Cesar Hidalgo - Why Information Grows and the importance of Economic Complexity
Danny Dorey-Rodriguez has written this superb reflection on the work of Professor Cesar Hidalgo from MIT who has contributed greatly to our understanding of how crystallised information and networks can help explain variations in economic growth and inequality.
César Hidalgo is a physicist, author and entrepreneur who is Associate Professor at MIT and director of the MIT Media Lab. Hidalgo attempts to use statistical techniques adopted in physics to conduct research into complexity economics, clearly showing the value of an inter-disciplinary approach to economics.
Why information matters to growth and development
Key to the theories of Hidalgo is the idea of information, which he explains in his book “Why Information Grows.” Hidalgo postulates that information is simply an arrangement of order, or a lack of entropy. In the physical world, order often gives way to disorder. This is the second law of thermo-dynamics. However, importantly, solids can with-hold information, and order emerges from out-of-equilibrium states. What makes us as a society unique is that humans can accumulate knowledge and “crystallise imagination” into solid atoms. Furthermore, in an economy, we have the ability to share knowledge in the products that we engage with. The current world, with its adoption of technology, is one where information can flow more freely. In particular, wealthy countries continue to prosper as they are particularly good at creating a network in which information can flow more freely.
From these theories of information Hidalgo argues that the economy could be best represented not as a static system of equilibria, but as a dynamic network where new information is constantly being shared. Hence, it is important to think about the complexity that emerges in an economy.
In Hidalgo and Hausmann’s paper “A Network View of Economic Development”, the two describe the economy as a network and focus on mapping out the tendency of an economy to diversify. Of course, countries are more likely to go on to develop expertise in an area which requires similar information to that which is currently required to make exported goods. This is intuitive and Hidalgo allows us to understand diversification visually. He calls this idea the Product Space, where two products are linked in a network based on the probability that they are co-exported. This can be used to look at best route to complexity for a given country.

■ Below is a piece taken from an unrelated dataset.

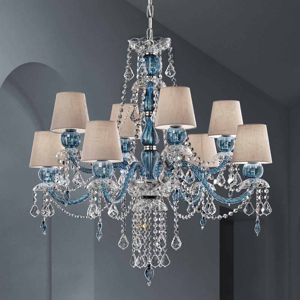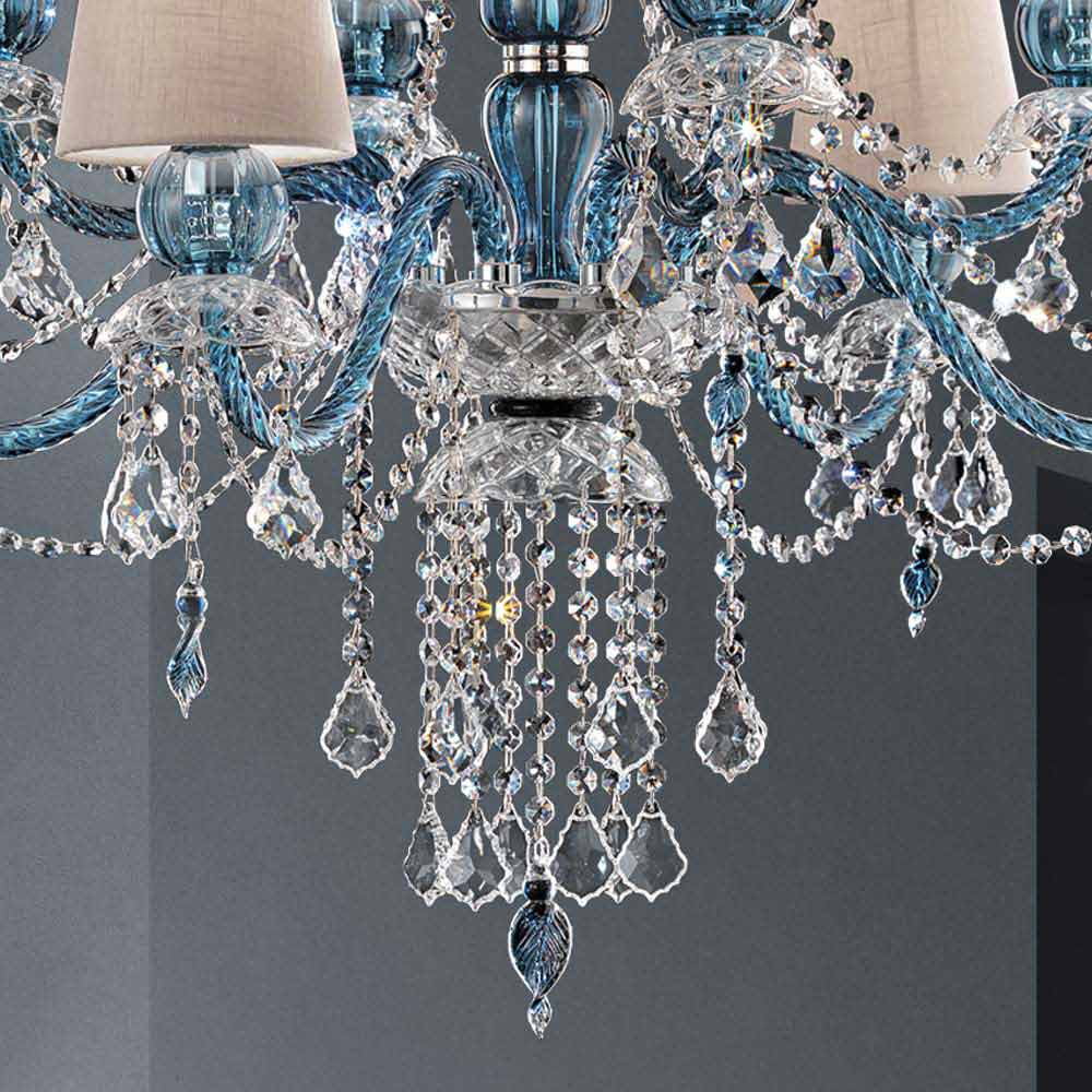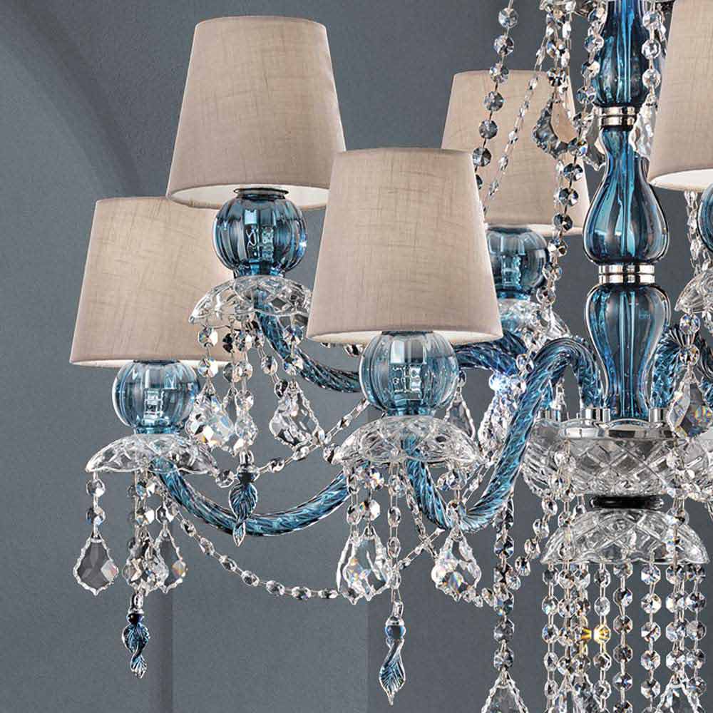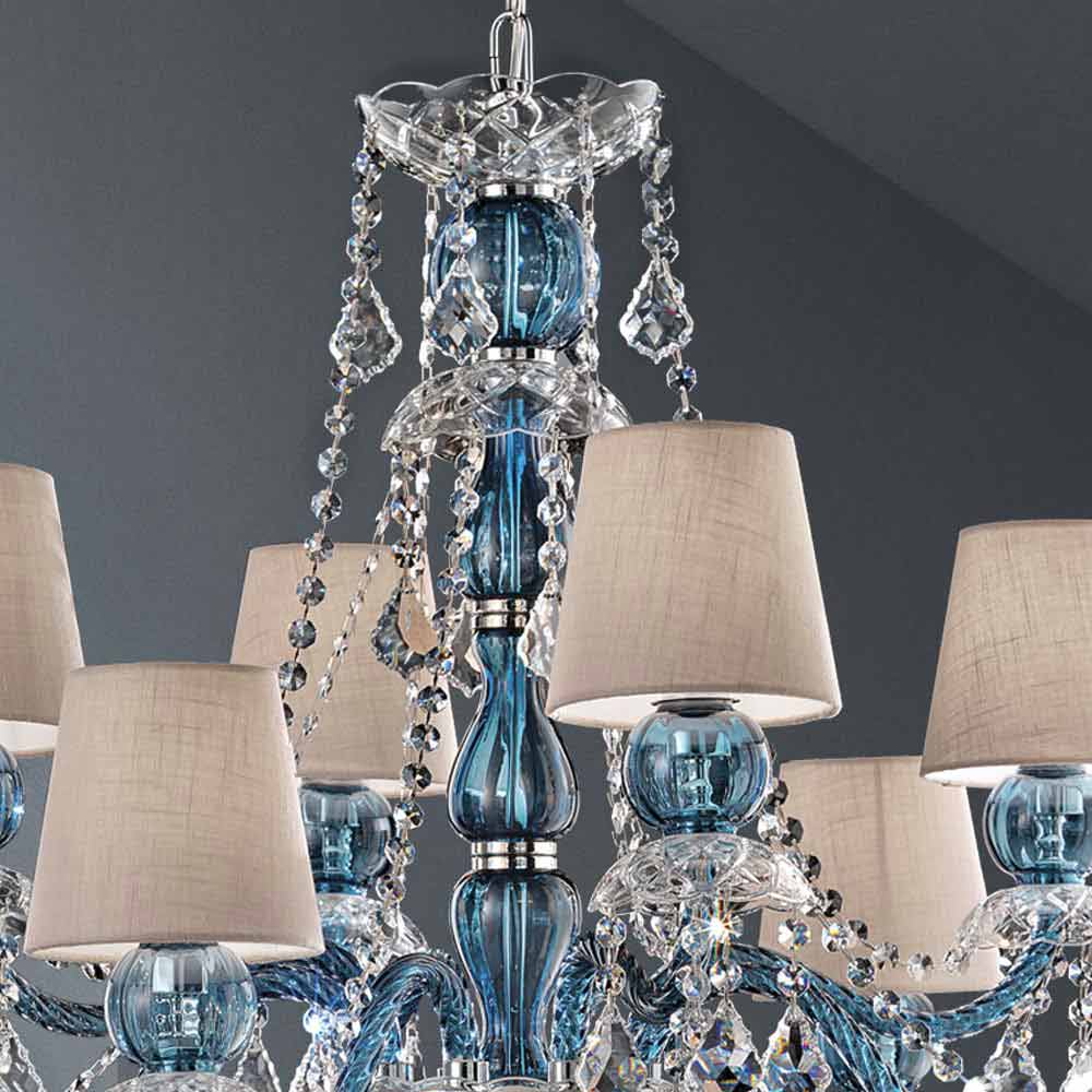 Candelabru majestuos cu 8 lumini, cu abajururi din in, structură din sticlă venețiană cu finisaj albastru , îmbogățit cu pandantive din cristal de plumb și detalii din metal cromat lustruit , fabricat manual în Italia . O piesă de mobilier cu un caracter extrem de romantic care completează camerele creând o atmosferă minunată de eleganță atemporală. În acest candelabru lumina moale converge cu dinamismul efectelor de lumină fără precedent create de pandantivele strălucitoare care, datorită refracției luminii, dau viață blițurilor colorate cu un puternic impact vizual .

Hidalgo is best known for his work linking complexity to economic growth. He argues that the complexity of a country's exports is linked to its level of income. In Hidalgo and Hausmann’s paper “the building blocks of economic complexity”, he indeed provides evidence that the two are empirically linked, and that the deviation between complexity and levels of income is a much better predictor of future economic growth than traditional measures of capital or the development of capital. This view of the economy, based on information and networks, is both refreshing and promising, potentially giving us a much more accurate picture of how the economy truly functions. These premises find their base in statistical physics and promises to be sensitive to movements that traditional economics cannot detect.

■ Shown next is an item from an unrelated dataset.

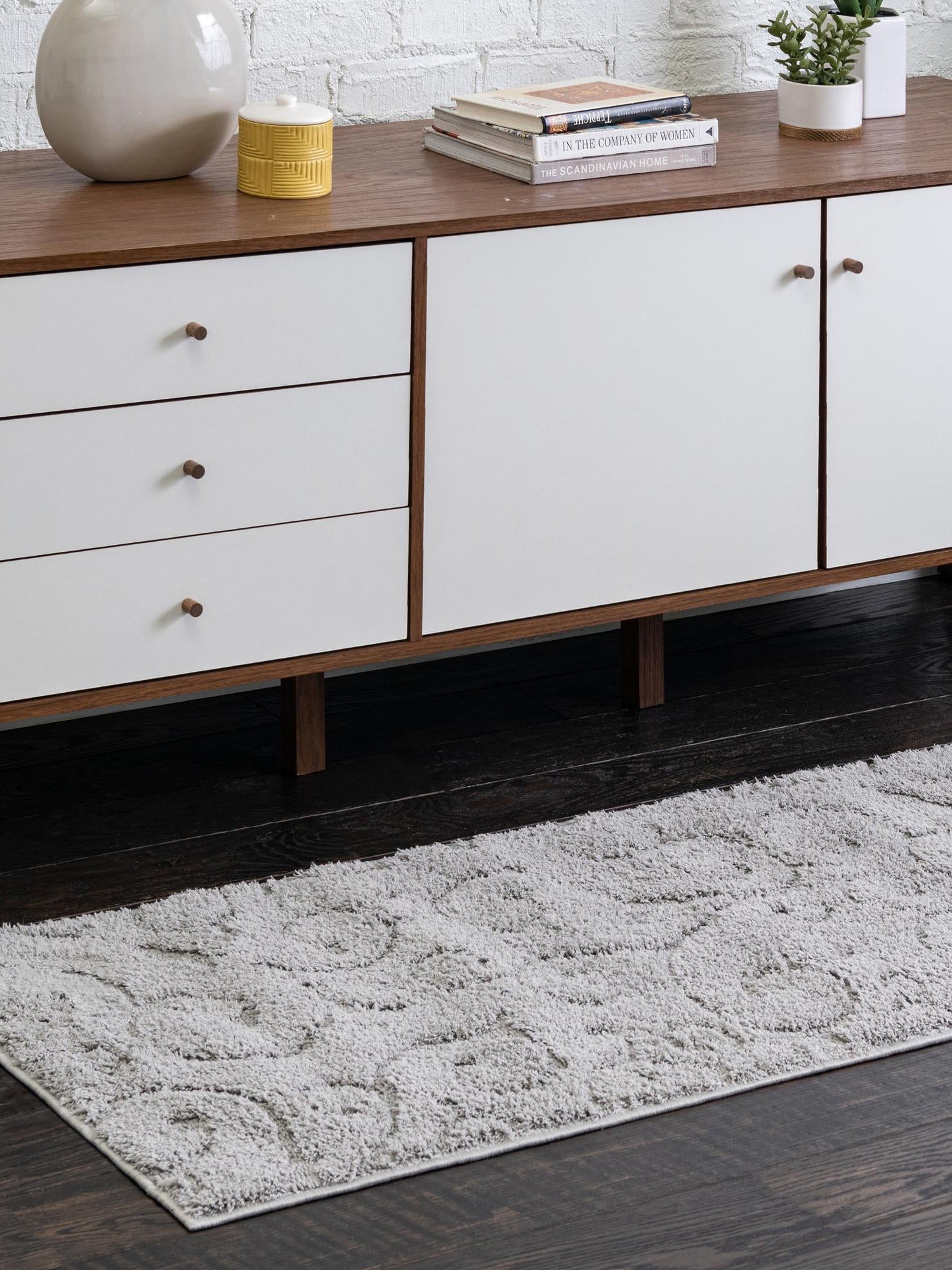 Light Gray 2' x 6' 9 Floral Shag Runner Area Rug Thick Soft Touch Fluffy & Plush Shaggy Pile 100% Polyester With Cotton Backing Carpet for Interior Design

Larry Hardesty from MIT writes about the consequences of Hidalgo’s work with respect to inequality. He reports that Hidalgo’s work concludes, empirically, that a lack of economic complexity leads to high economic inequality and vice-versa. Hidalgo’s data supports the idea that a lack of complexity coincides with few industries stimulating the economy. High complexity leads to a wealth of industries competing for workers and all generating wealth leading to greater equality.
The empirical arguments of Hidalgo, to me, are refreshing and inspiring. His view of macroeconomic phenomena and the economy in general, are very reasonable and mathematically verifiable. Indeed, mathematically, the indicators that he has created have outperformed traditional models that dominate economics. Complexity economics, and Hidalgo’s work, are extremely interesting to me since mainstream neoclassical economic theories are based upon seemingly outdated assumptions and mathematical models. Yet network economics, aided by the possibilities provided statistical techniques, can give economists a much clearer picture of how agents interact in an economy. A more scientific, empirical lens through which to analyse market movements provides us with an opportunity to revise theories in fields such as development economics, behavioural economics and political economy. Indeed, the work of Hidalgo brings economics closer to political economy and further away from static equilibrium models of traditional economics.
This, to me, is exciting. Complexity economics helps us to better understand the economy and to equip ourselves with the tools we need to analyse future challenges.